- _WORK TASK_
Take the lines in the listing below from the line with "Title BERITA FOTO" up to and including the line with "Das Bild mit" and set them down exactly, skipping pictures and adding nothing.
THE INPUT Block Start
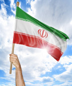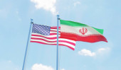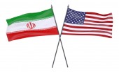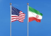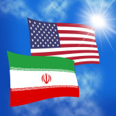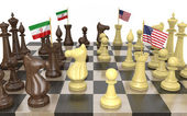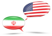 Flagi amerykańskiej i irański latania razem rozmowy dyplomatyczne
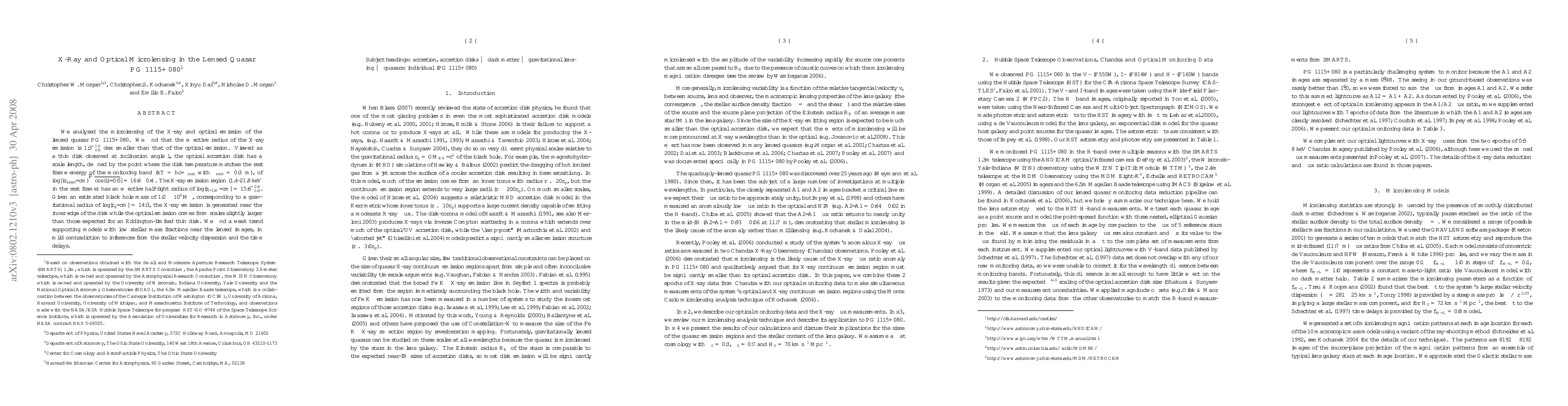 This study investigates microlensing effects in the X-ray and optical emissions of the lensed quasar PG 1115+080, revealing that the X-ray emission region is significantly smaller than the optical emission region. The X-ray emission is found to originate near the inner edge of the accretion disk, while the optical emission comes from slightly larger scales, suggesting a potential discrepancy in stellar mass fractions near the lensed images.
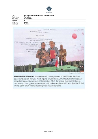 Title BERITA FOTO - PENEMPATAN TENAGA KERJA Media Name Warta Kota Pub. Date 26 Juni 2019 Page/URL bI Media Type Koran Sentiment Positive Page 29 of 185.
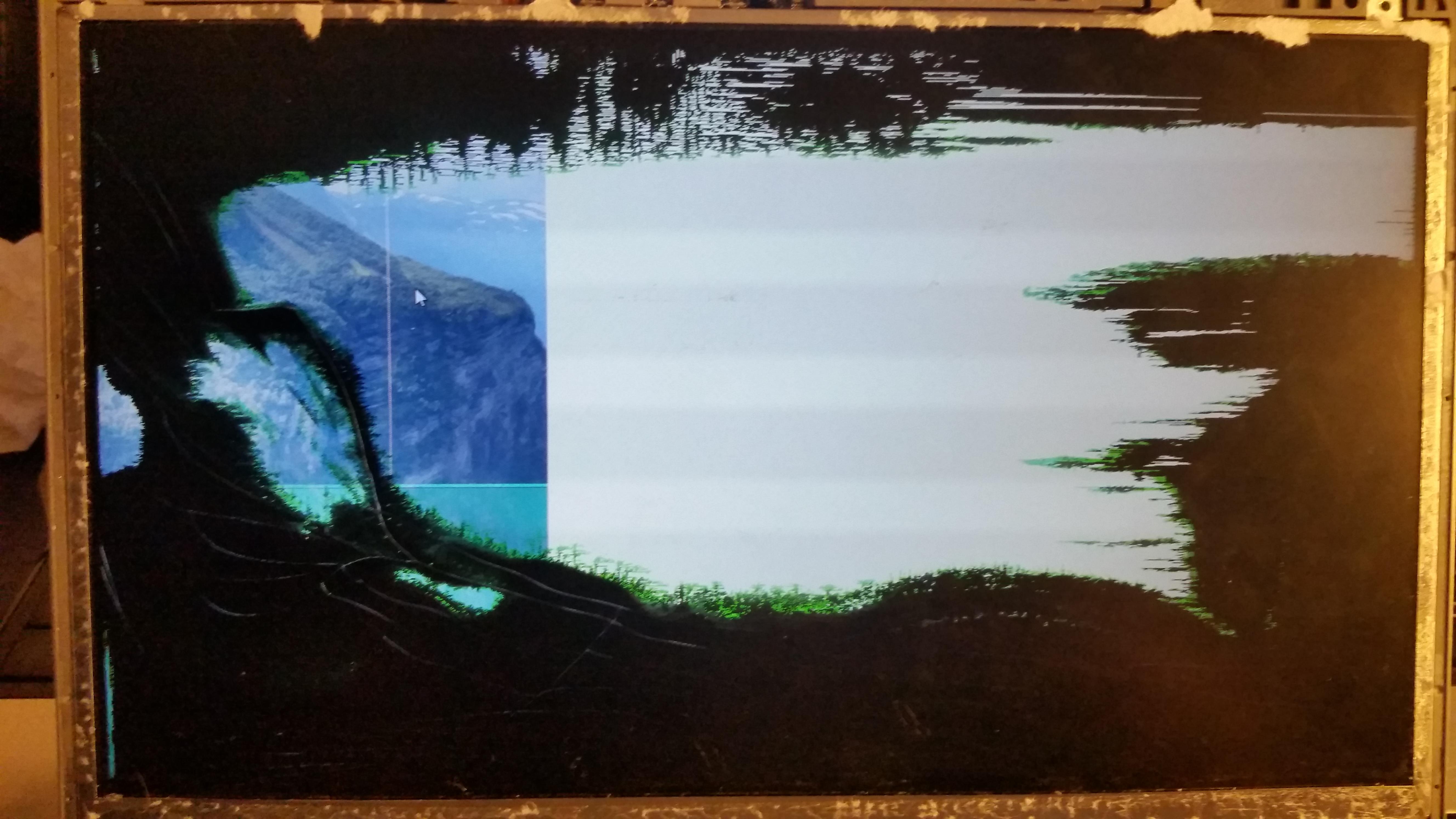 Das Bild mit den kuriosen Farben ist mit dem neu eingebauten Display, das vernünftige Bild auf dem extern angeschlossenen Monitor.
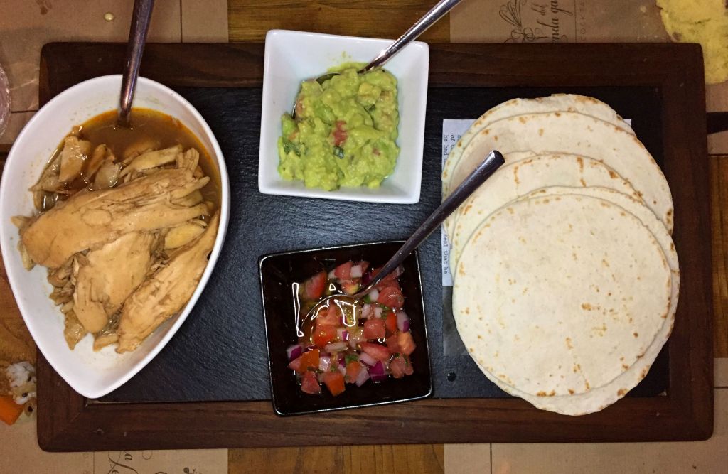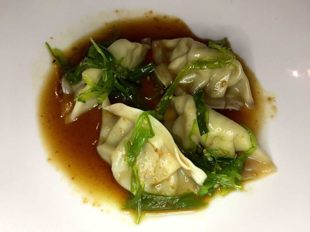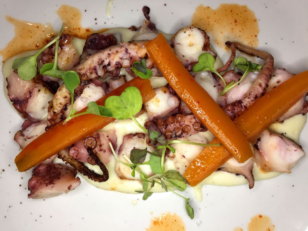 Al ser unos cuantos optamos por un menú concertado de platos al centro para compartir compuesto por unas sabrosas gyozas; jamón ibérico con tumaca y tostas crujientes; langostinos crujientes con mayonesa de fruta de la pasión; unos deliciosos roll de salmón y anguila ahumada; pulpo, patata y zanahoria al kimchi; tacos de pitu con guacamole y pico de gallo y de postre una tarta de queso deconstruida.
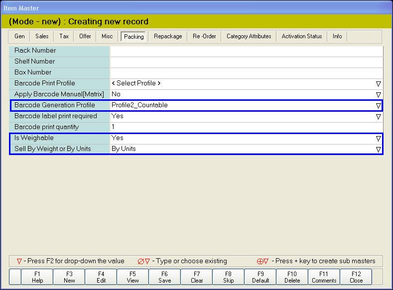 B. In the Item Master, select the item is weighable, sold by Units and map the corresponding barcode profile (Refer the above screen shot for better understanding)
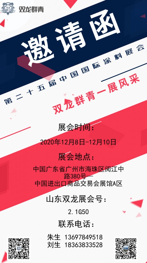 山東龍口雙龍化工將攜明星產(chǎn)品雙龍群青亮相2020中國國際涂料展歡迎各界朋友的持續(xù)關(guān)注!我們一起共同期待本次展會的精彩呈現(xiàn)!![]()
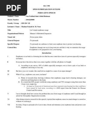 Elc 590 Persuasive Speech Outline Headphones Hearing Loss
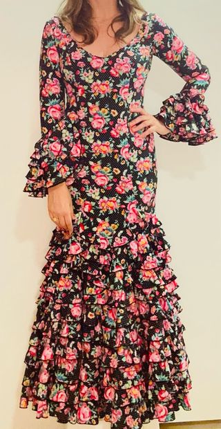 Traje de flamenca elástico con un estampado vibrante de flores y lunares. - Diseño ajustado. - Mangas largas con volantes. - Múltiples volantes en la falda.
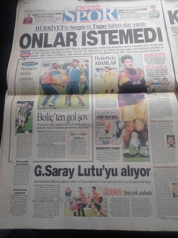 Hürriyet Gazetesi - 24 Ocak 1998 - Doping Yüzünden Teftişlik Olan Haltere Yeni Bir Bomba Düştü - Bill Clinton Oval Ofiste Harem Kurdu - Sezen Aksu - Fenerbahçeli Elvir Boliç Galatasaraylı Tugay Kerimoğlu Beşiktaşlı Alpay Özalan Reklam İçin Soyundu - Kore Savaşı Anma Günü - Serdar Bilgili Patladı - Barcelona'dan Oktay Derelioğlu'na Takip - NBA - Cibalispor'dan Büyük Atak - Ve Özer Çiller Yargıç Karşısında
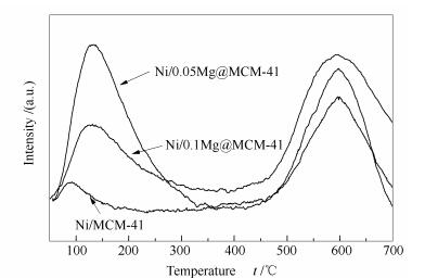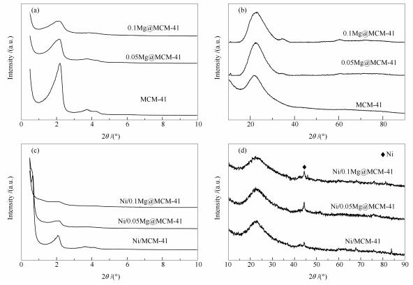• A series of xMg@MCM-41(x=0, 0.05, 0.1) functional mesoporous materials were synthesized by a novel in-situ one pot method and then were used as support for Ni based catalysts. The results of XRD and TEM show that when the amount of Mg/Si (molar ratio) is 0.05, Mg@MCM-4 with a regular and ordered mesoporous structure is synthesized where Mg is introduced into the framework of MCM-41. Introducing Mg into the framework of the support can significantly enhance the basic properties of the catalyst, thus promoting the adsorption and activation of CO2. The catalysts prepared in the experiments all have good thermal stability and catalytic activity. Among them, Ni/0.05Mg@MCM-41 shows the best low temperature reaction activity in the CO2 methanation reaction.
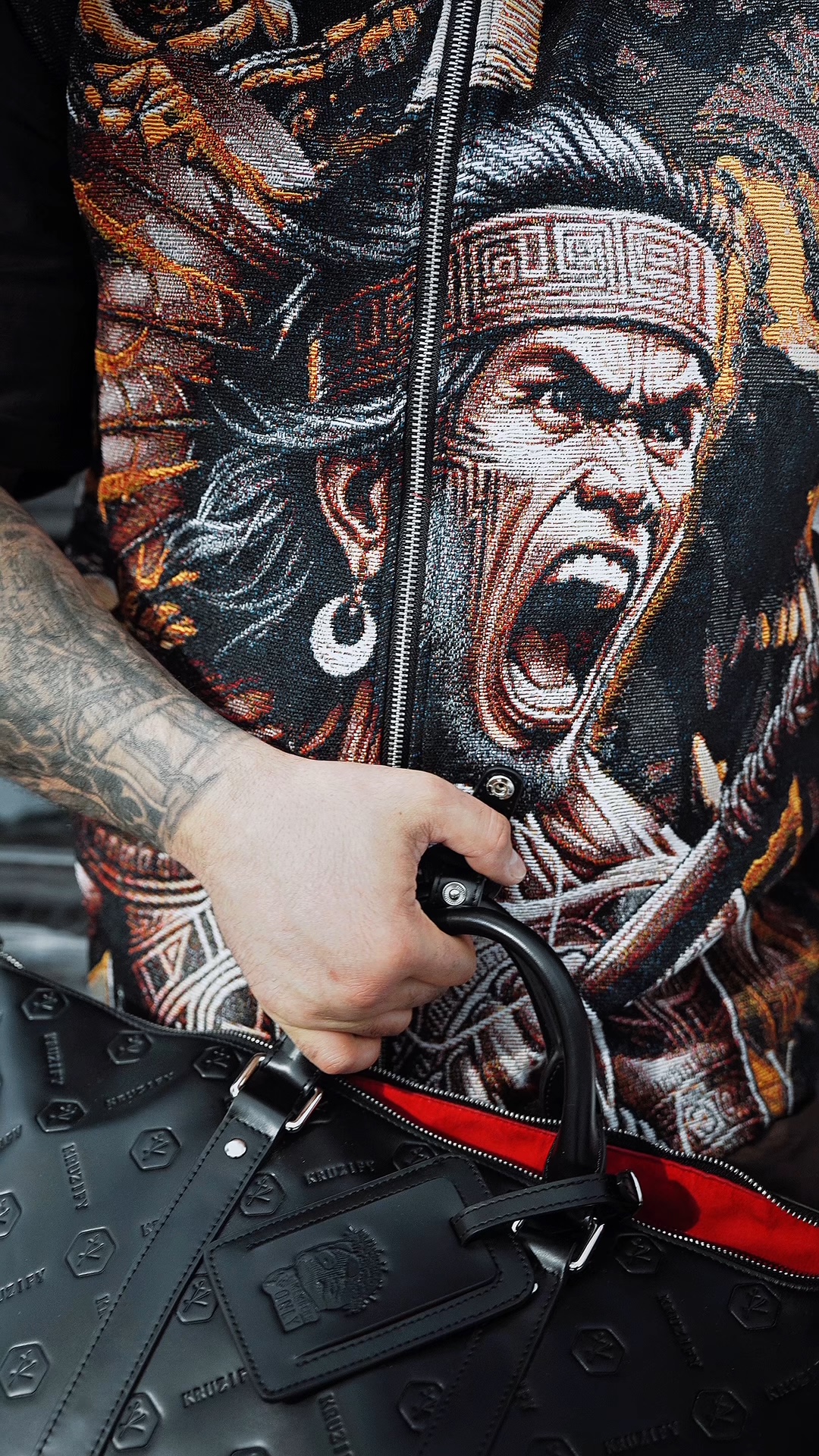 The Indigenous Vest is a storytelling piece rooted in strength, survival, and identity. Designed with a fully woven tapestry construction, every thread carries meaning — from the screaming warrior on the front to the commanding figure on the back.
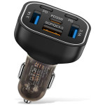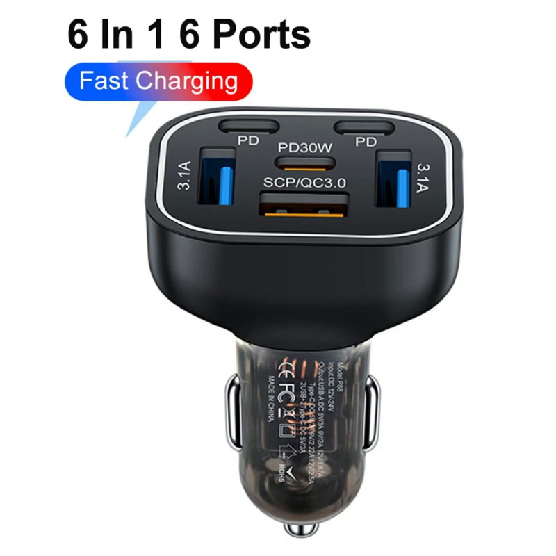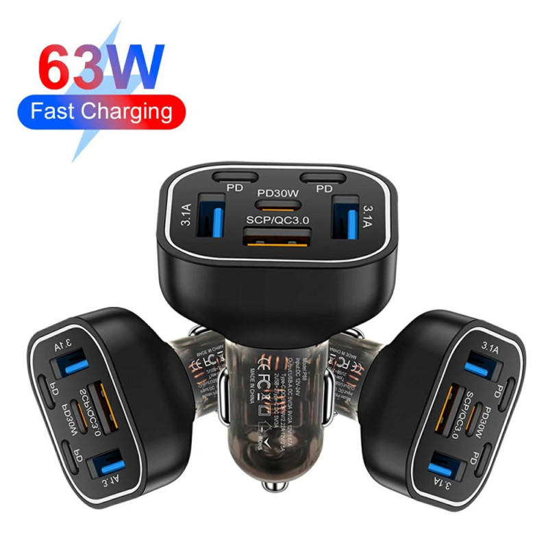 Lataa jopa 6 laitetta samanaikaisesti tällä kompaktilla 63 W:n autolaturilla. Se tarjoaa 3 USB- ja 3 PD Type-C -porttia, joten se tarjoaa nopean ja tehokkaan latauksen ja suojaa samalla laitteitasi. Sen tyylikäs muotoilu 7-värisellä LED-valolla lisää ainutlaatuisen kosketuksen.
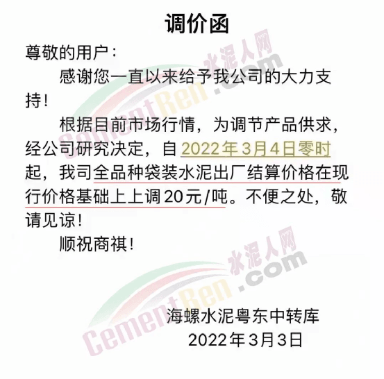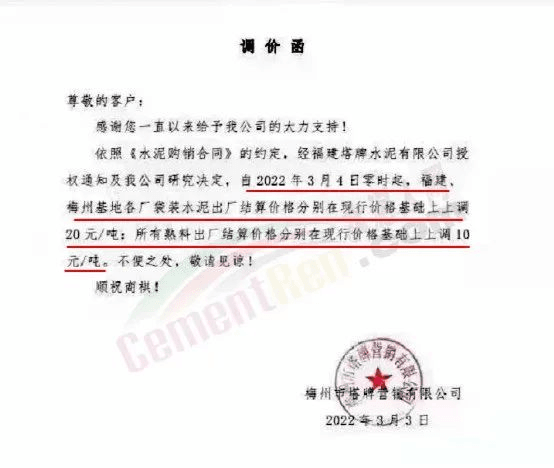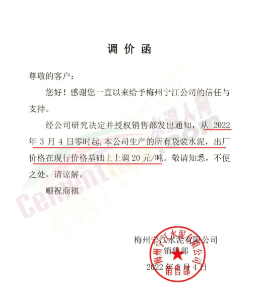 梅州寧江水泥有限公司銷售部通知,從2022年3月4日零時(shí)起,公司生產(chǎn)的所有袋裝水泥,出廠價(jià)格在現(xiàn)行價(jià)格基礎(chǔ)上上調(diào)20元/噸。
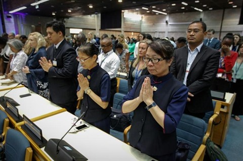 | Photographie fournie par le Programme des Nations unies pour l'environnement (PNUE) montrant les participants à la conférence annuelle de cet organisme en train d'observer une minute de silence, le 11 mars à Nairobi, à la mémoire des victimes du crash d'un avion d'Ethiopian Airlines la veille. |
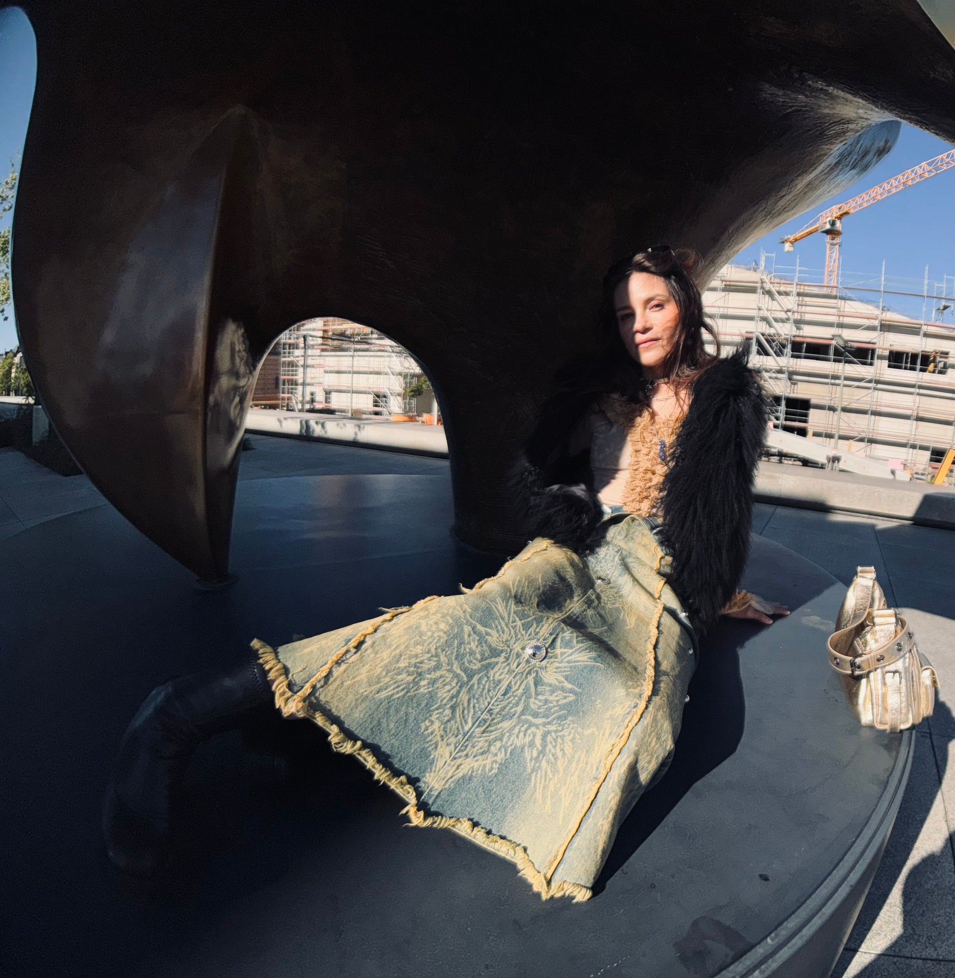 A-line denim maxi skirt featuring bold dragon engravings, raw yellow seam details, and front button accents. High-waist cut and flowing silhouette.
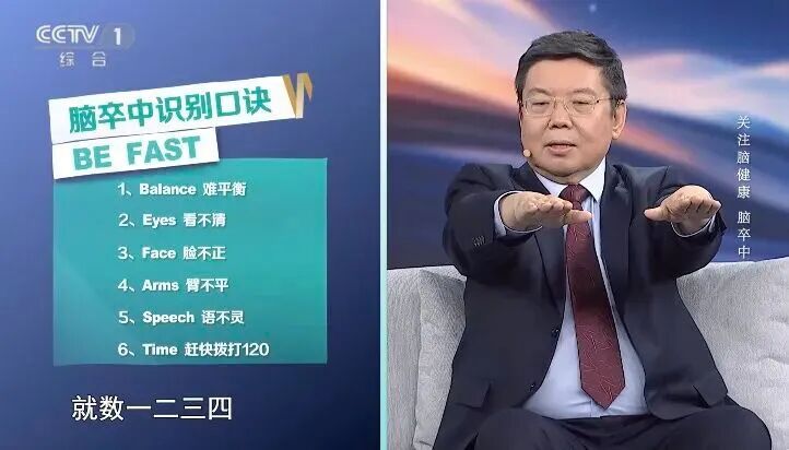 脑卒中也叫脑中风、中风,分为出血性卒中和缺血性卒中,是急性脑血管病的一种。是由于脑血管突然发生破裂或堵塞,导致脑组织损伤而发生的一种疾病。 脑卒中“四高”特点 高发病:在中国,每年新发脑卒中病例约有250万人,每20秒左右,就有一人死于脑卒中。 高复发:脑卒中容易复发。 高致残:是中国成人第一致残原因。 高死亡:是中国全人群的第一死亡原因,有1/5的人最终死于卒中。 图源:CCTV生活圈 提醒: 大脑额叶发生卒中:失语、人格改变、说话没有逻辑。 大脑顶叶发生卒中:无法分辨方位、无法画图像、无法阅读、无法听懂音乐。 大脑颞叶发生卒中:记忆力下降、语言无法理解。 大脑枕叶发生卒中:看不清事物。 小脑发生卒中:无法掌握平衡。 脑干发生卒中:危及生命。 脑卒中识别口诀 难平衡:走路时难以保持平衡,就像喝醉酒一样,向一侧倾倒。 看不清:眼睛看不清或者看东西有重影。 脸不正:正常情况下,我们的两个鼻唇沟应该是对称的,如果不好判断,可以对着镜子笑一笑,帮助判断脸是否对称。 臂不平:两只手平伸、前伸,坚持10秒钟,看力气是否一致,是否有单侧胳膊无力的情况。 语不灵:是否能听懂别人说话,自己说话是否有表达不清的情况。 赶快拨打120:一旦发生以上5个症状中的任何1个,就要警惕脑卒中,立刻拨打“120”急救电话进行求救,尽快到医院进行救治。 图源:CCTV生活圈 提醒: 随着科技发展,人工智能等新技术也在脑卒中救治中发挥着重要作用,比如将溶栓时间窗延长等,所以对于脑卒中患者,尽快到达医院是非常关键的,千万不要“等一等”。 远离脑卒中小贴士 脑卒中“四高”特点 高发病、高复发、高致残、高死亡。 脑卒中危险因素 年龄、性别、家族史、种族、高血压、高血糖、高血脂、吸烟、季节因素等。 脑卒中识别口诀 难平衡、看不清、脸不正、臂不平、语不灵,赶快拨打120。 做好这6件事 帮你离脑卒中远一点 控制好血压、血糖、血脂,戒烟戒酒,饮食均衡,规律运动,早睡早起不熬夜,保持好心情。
THE INPUT Block End
- _RESPONSE TO THE TASK_
 Title BERITA FOTO - PENEMPATAN TENAGA KERJA Media Name Warta Kota Pub. Date 26 Juni 2019 Page/URL bI Media Type Koran Sentiment Positive Page 29 of 185.
 Das Bild mit den kuriosen Farben ist mit dem neu eingebauten Display, das vernünftige Bild auf dem extern angeschlossenen Monitor.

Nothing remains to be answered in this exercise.